Tomatoes are grown and picked to ship now, not to eat. Most chickens are unhappy prisoners in an overcrowded space. Their taste makes me unhappy. I paid real money for a wedge of Parmigiano-Reggiano. It's tasteless and dry and hard as a rock. Pecorino Romano? Forget it. I've been forced to put an English cheddar on my pasta! The ghosts of the Caesars will haunt me.
They now call fast food "street food." It sounds hip and jazzy. It doesn't improve the taste though. Real street food is sold on the street, not in a restaurant. Is street food healthy? Maybe some of it, maybe none.
Liverpool is not a great restaurant town. It's better with traditional pubs but that's less important to me. San Miguel de Allende, a much smaller place than Liverpool, had far better bistros. It's not Lyon or Bologna, but I was impressed. In San Miguel, when you order guacamole, they make it from scratch. I also found better restaurants in Montreal, Lisbon, Seville, Galway, and even in Sligo.
But Liverpool is a distinctive city of almost a million people and I've been here for a year now.
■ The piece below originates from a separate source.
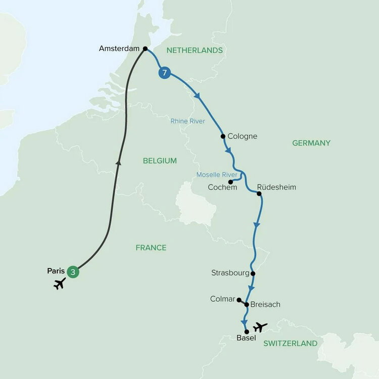After breakfast on board, disembark and be transferred to Basel airport for your onward flight. (B)

I've found more than a half dozen places I like. Of course, the pandemic lockdown has not helped things.
Sunday, August 30, 2020
My Kitbag
Ah, yes—the cameras, and lenses, and other bits and parts we use to capture images. Our kit. I have a simple point of view towards photography equipment: if I can work without it, I don't buy it, carry it, or use it. But our kits are the tools we use as photographers, so I've always bought the best stuff I could afford. It's hard to do a first-rate job with second-rate tools.
In the past, I've owned Nikons, Leicas, Hassieblads, Rollies, Bronica's, Mamiyas, a Linhof 4 by 5, and a Deardorff 8 by10. The Deardorff I owned for about a week and used it only once. Then I sold it. Someone made me an offer I could not refuse. These days, I use only smaller, lighter mirrorless Sonys. It would be nice to have larger files to work with, but my Sonys produce images that are fine for what I shoot now: editorial stock.